┌─ Given information

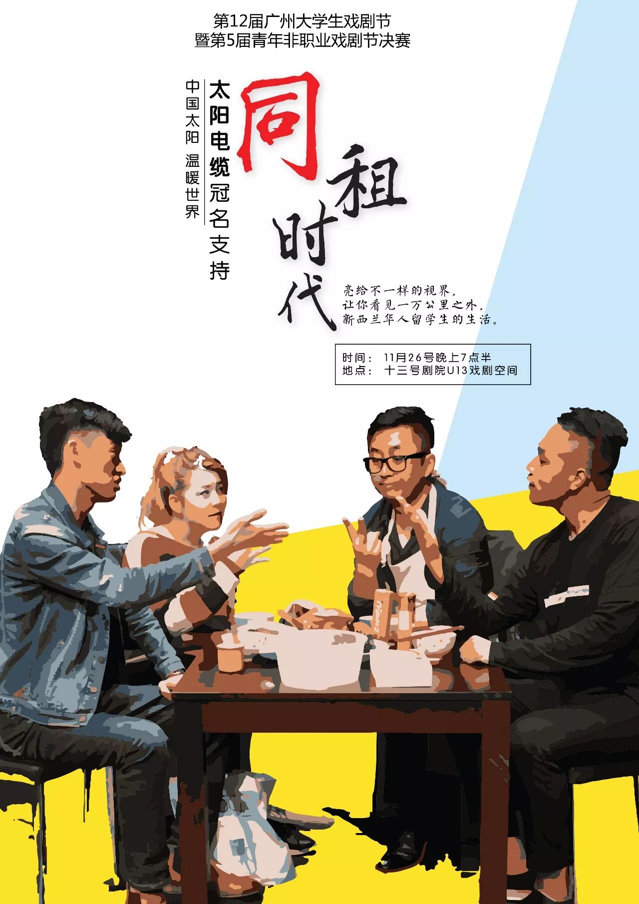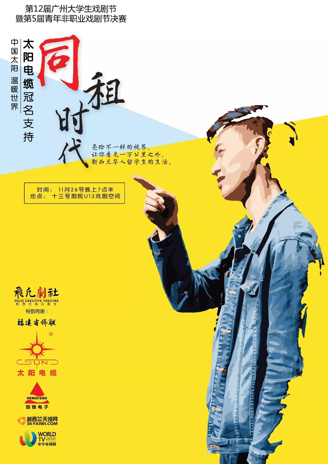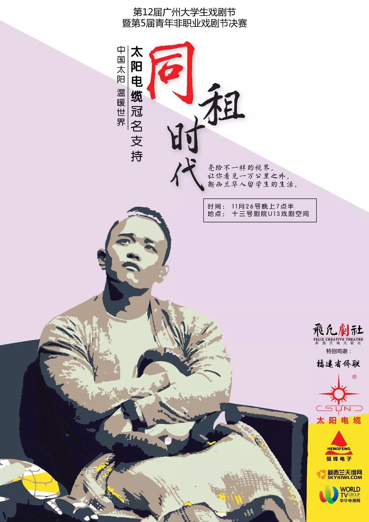 发布时间:2017-12-01 17:55:55新西兰飛凡剧社的话剧《同租时代》入围第12届广州大学生戏剧节暨第5届青年非职业戏剧节决赛,将在2017年11月26日晚上于广州十三号剧院U13戏剧空间与观众见面。《同租时代》是历史上第一个入围决赛的海外华侨团体作品,也是新西兰历史上第一个在中国参赛的华人话剧作品。
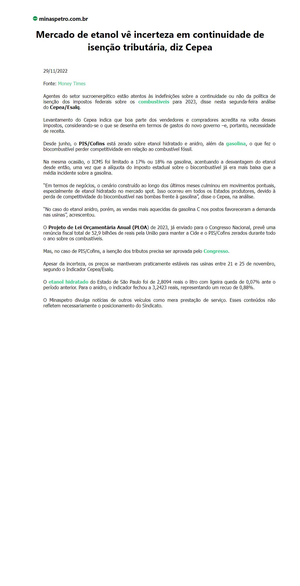 Mercado de etanol vê incerteza em continuidade de isenção tributária, diz Cepea
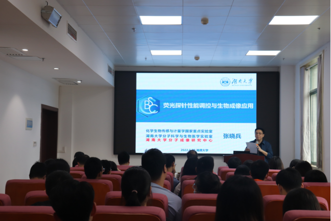2022年5月28日上午,湖南大学张晓兵教授应李春艳教授邀请,在研究生院405为伟德BETVLCTOR师生带来了一场题目为“荧光探针性能调控与生物成像应用”的报告。本次报告由伟德BETVLCTOR,伟德BV官网院长裴勇教授主持,伟德BETVLCTOR部分本科生与部分研究生及一些老师参加。
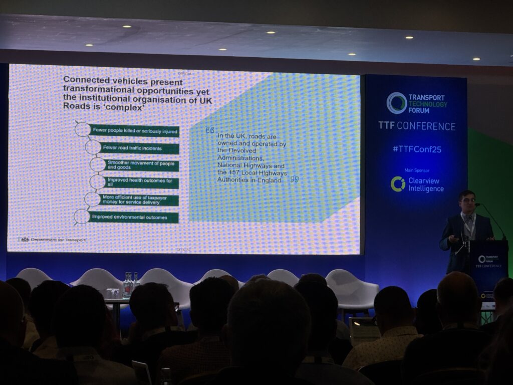 Danial says he is here to understand what the DfT can do with connected vehicles and thanks to work from the TTF and others, this is now a priority in government and says virtually every vehicle is connected – it’s not just the latest ones.
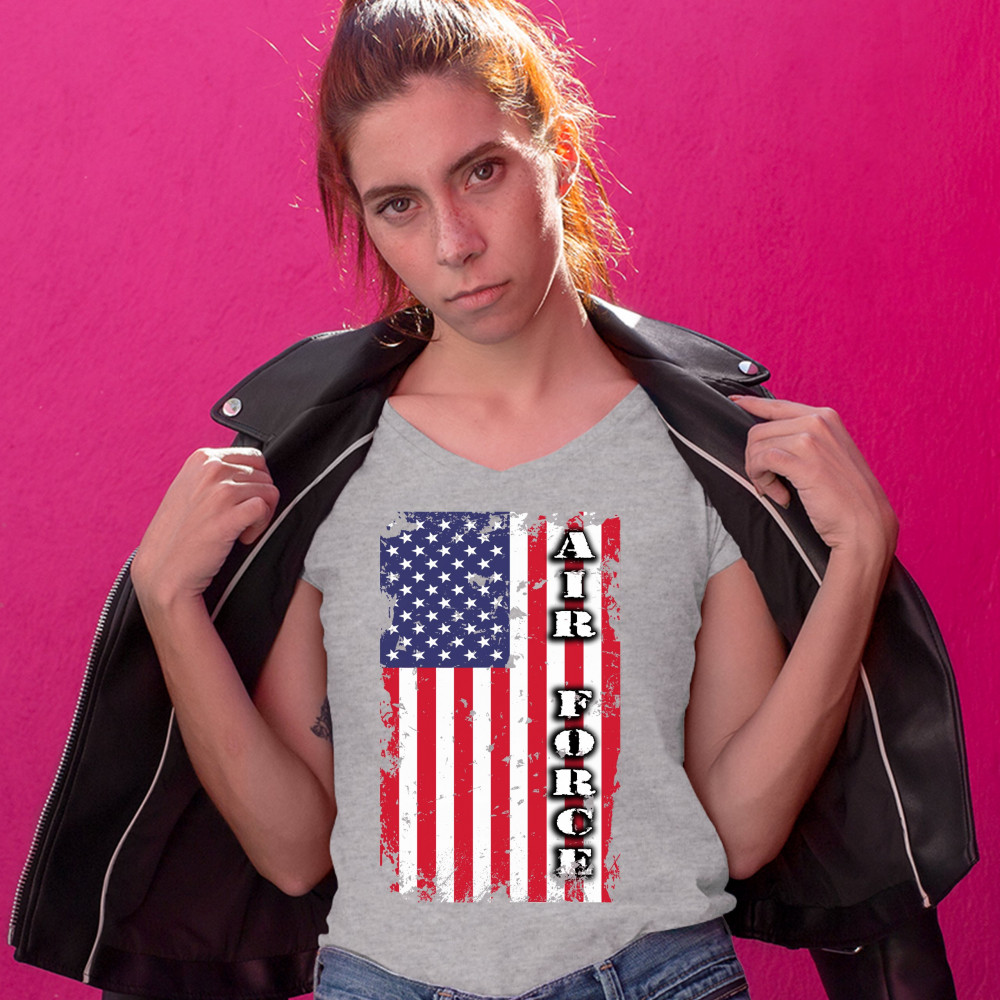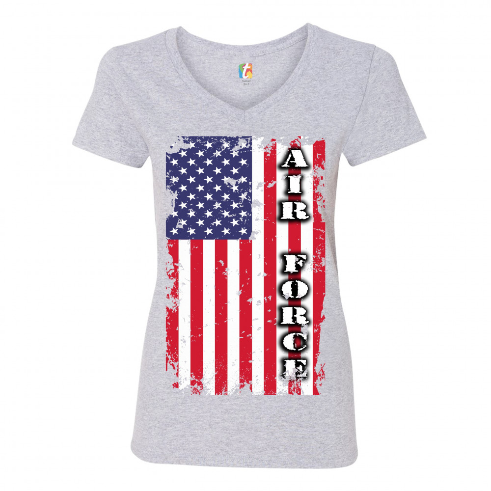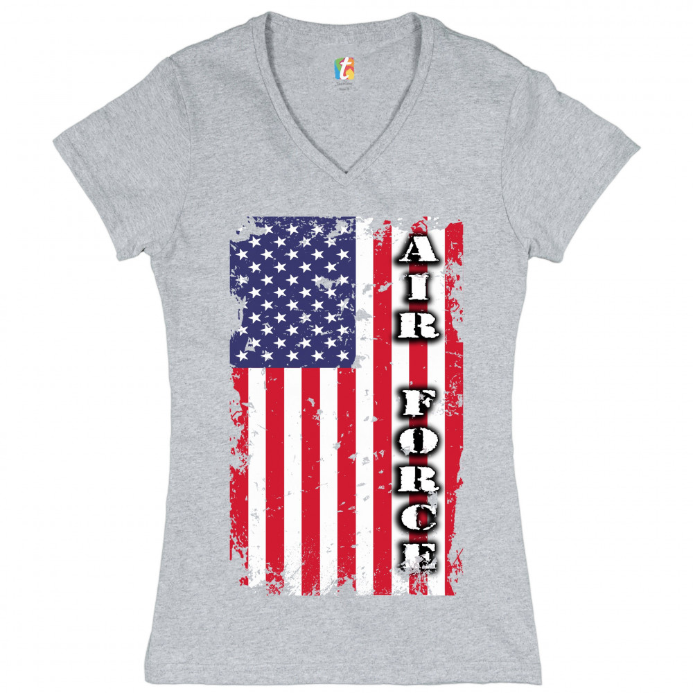 AIR FORCE women's v-neck t-shirt distressed american flag us armed forces tee gray

└─

_Brief_:
Copy exactly the lines running from the line with "Danial says he" to the final line of the listing, keeping both ends and dropping any picture.

_Result of this task_:
 Danial says he is here to understand what the DfT can do with connected vehicles and thanks to work from the TTF and others, this is now a priority in government and says virtually every vehicle is connected – it’s not just the latest ones.
 AIR FORCE women's v-neck t-shirt distressed american flag us armed forces tee gray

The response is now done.